Current editing methods based on diffusion models usually require to provide a mask, making the task much easier by treating it as a conditional inpainting task. In contrast, our main contribution is able to automatically generate a mask highlighting regions of the input image that need to be edited, by contrasting predictions of a diffusion model conditioned on different text prompts. Moreover, we rely on latent inference to preserve content in those regions of interest and show excellent synergies with mask-based diffusion. DIFFEDIT achieves state-of-the-art editing performance on ImageNet.
These previous works, however, lack two crucial properties for semantic image editing: (i) inpainting discards information about the input image that should be used in image editing (e.g. changing a dog into a cat should not modify the animal’s color and pose); (ii) a mask must be provided as input to tell the diffusion model what parts of the image should be edited. We believe that while drawing masks is common on image editing tools like Photoshop, language-guided editing offers a more intuitive interface to modify images that requires less effort from users.

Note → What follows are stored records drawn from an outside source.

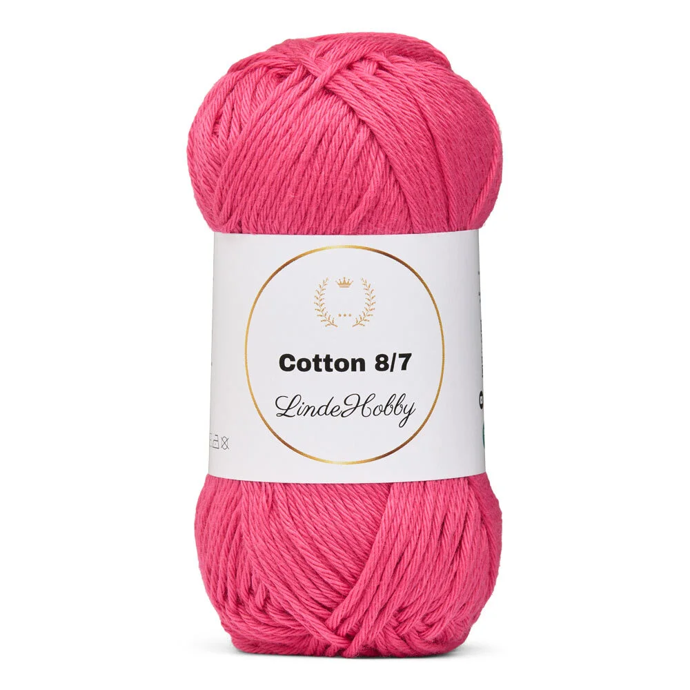 LindeHobby Cotton 8/7 is een klassiek garen van 100% katoen met een looplengte van ca 90 meter per 50 g. Het garen heeft een stevige en gelijkmatige draadstructuur, waardoor het prettig en eenvoudig is om mee te werken – of je nu breit of haakt. Het is een populaire keuze bij zowel beginners als gevorderden en is verkrijgbaar in een breed scala aan prachtige kleuren.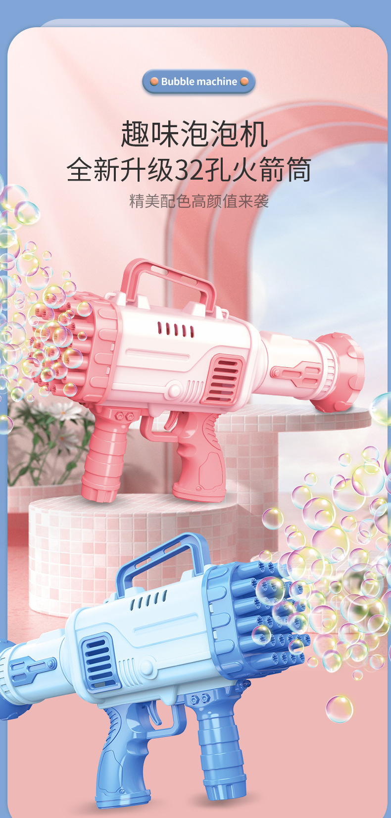 【操作简单轻松上手!一键即出泡】32孔火箭筒泡泡枪全自动泡泡机,手持多孔加特林儿童玩具,精美造型,丰富泡泡更好玩,室内户外皆适用-QQ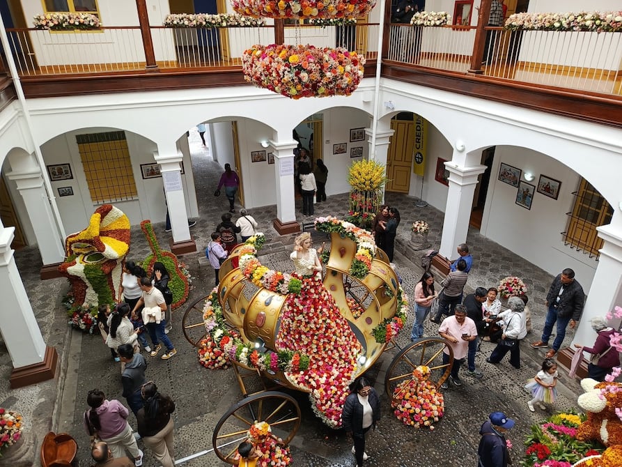 En las casas patrimoniales de Ambato se abrieron las exposiciones florales como parte de la celebración de las bodas de diamante de la Fiesta de la Fruta y de las Flores (FFF).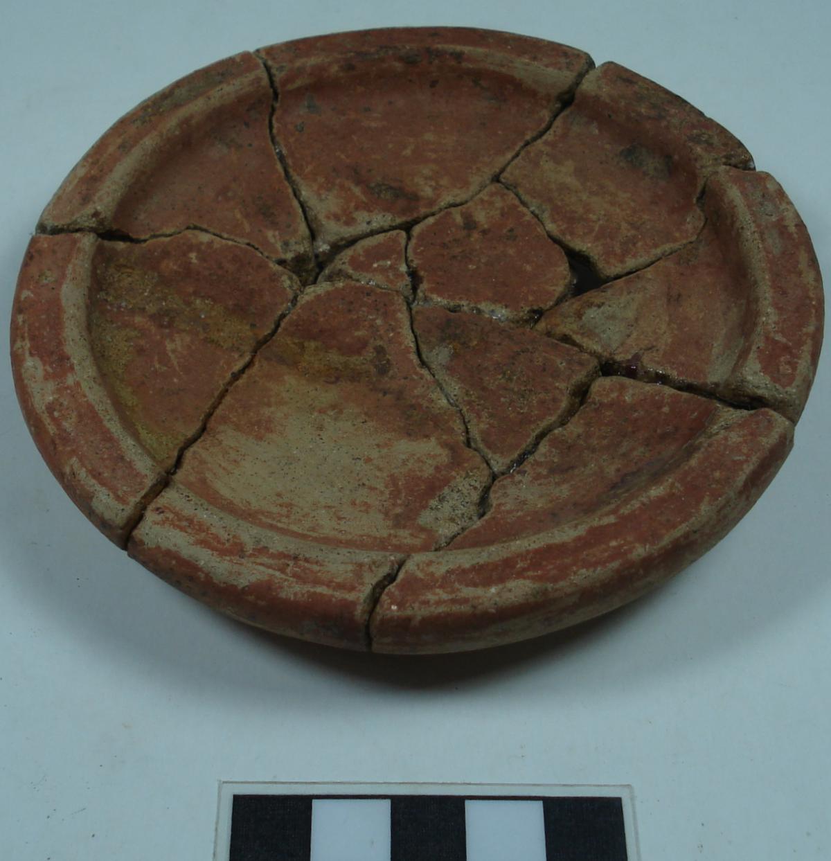 3568 - Pedestal bajo bicónico de engobe rojo y borde redondeado

Conditioning a diffusion model on an input image can also be done without a mask, e.g. by considering the distance to input image as a loss function (Crowson, 2021; Choi et al., 2021), or by using a noised version of the input image as a starting point for the denoising process as in SDEdit (Meng et al., 2021). However, these editing methods tend to modify the entire image, whereas we aim for localized edits. Furthermore, adding noise to the input image discards important information, both inside the region that should be edited and outside.
To leverage the best of both worlds, we propose DIFFEDIT, an algorithm that automatically finds what regions of an input image should be edited given a text query. By contrasting the predictions of a conditional and unconditional diffusion model, we are able to locate where editing is needed to match the text query. We also show how using a reference text describing the input image and similar to the query, can help obtain better masks. Moreover, we demonstrate that using a reverse denoising model, to encode the input image in latent space, rather than simply adding noise to it, allows to better integrate the edited region into the background and produces more subtle and natural edits.
However, the input text query does not explicitly identify this region, and a naive method could allow for edits all over the image, risking to modify the input in areas where it is not needed. To circumvent this, we propose DIFFEDIT, a method to leverage a text-conditioned diffusion model to infer a mask of the region that needs to be edited. Starting from a DDIM encoding of the input image, DIFFEDIT uses the inferred mask to guide the denoising process, minimizing edits outside the region of interest. Figure 2 illustrates the three steps of our approach, which we detail below.
Step 1: Computing editing mask
When the denoising an image, a text-conditioned diffusion model will yield different noise estimates given different text conditionings. We can consider where the estimates are different, which gives information about what image regions are concerned by the change in conditioning text.
In our algorithm, we use a Gaussian noise with strength 50% (see analysis in Appendix A.1), remove extreme values in noise predictions and stabilize the effect by averaging spatial differences over a set of n input noises, with n= 10 in our default configuration. The result is then rescaled to the range [0, 1], and binarized with a threshold, which we set to 0.5 by default. The masks generally somewhat overshoot the region that requires editing, this is beneficial as it allows it to be smoothly embedded in it’s context, see examples in Section 4 and Section A.5.
Step 2: Encoding.
We encode the input image x0 in the implicit latent space at timestep r with the DDIM encoding function Er. This is done with the unconditional model, i.e. using conditioning text ∅, so no text input is used for this step.(We can also use an empty reference text, which we denote as Q = ∅.)
Step 3: Decoding with mask guidance
After obtaining the latent xr, we decode it with our diffusion model conditioned on the editing text query Q, We use our mask M to guide this diffusion process. Outside the mask M, the edited image should in principle be the same as the input image. We guide the diffusion model by replacing pixel values outside the mask with the latents xt inferred with DDIM encoding, which will naturally map back to the original pixels through decoding, unlike when using a noised version of x0 as typically done
The mask-guided DDIM update can be written as ˜yt = Myt + (1−M)xt, where yt is computed from yt−dt with Eq. 2, and xt is the corresponding DDIM encoded latent. The encoding ratio r determines the strength of the edit: larger values of r allow for stronger edits that allow to better match the text query, at the cost of more deviation from the input image which might not be needed.